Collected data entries

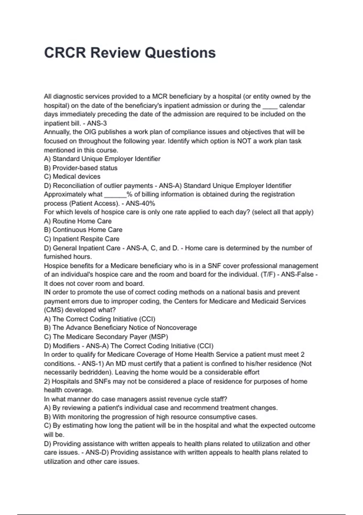D) Modifiers - ANS-A) The Correct Coding Initiative (CCI)
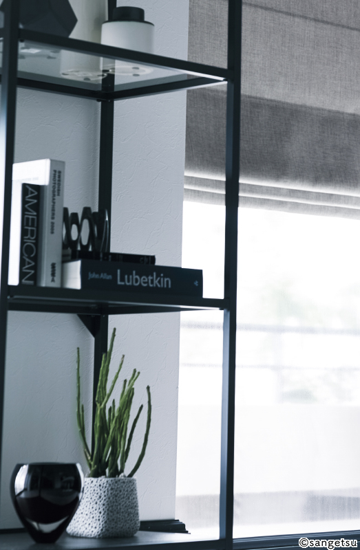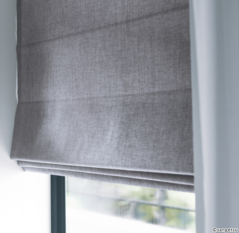 金属のようなメタリック感が特徴の無地。ライトプリーツ加工を施すのがおすすめです。
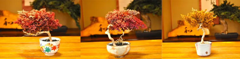 盆栽アート作家、藤田 茂男氏の監修の元、本物の盆栽の木、葉を使用して創る、新たな試みです。もっと気軽に盆栽を楽しんでいただきたいという気持ちを込め、世界で初めてプレゼントボックスに入れた盆栽商品を作成いたしました。急増しているインバウンド旅行客のお土産にもぴったりの商品です。盆栽枝葉の種類は、松柏類の皮を剥ぎ磨き上げた盆栽樹を基本に、コニファー類をプリザーブド加工で色を付け、ドライ化した葉を使用しております。葉の色はレッド、イエロー、グリーンの3パターン。世界に一つだけのオリジナルドライ盆栽をお楽しみください。
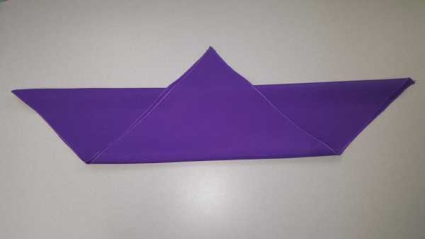 Ткань или бумагу разложите треугольником так, чтобы сгиб находился снизу. Потом углы соедините вместе по центральной вертикальной линии. Получается ромб, нижний угол которого нужно поднять вверх, но не до конца, а, не доходя пару сантиментов до вершины.
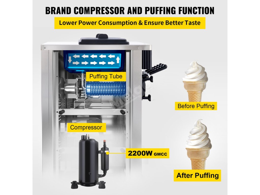 Náš nealkoholický zmrzlinovač může pracovat efektivně a stabilně díky výkonnému chladicímu systému a chladiči. Značkový kompresor o výkonu 2200 W zajišťuje nepřetržitý výkon stroje, snižuje hlučnost, šetří energii a je uživatelsky přívětivý.

THE PROBLEM: Copy nothing but the lines from the start of the entries through the line with "盆栽アート作家、藤田 茂男氏". Write them out exactly, without pictures.

COMPLETED TASK:
D) Modifiers - ANS-A) The Correct Coding Initiative (CCI)
 金属のようなメタリック感が特徴の無地。ライトプリーツ加工を施すのがおすすめです。
 盆栽アート作家、藤田 茂男氏の監修の元、本物の盆栽の木、葉を使用して創る、新たな試みです。もっと気軽に盆栽を楽しんでいただきたいという気持ちを込め、世界で初めてプレゼントボックスに入れた盆栽商品を作成いたしました。急増しているインバウンド旅行客のお土産にもぴったりの商品です。盆栽枝葉の種類は、松柏類の皮を剥ぎ磨き上げた盆栽樹を基本に、コニファー類をプリザーブド加工で色を付け、ドライ化した葉を使用しております。葉の色はレッド、イエロー、グリーンの3パターン。世界に一つだけのオリジナルドライ盆栽をお楽しみください。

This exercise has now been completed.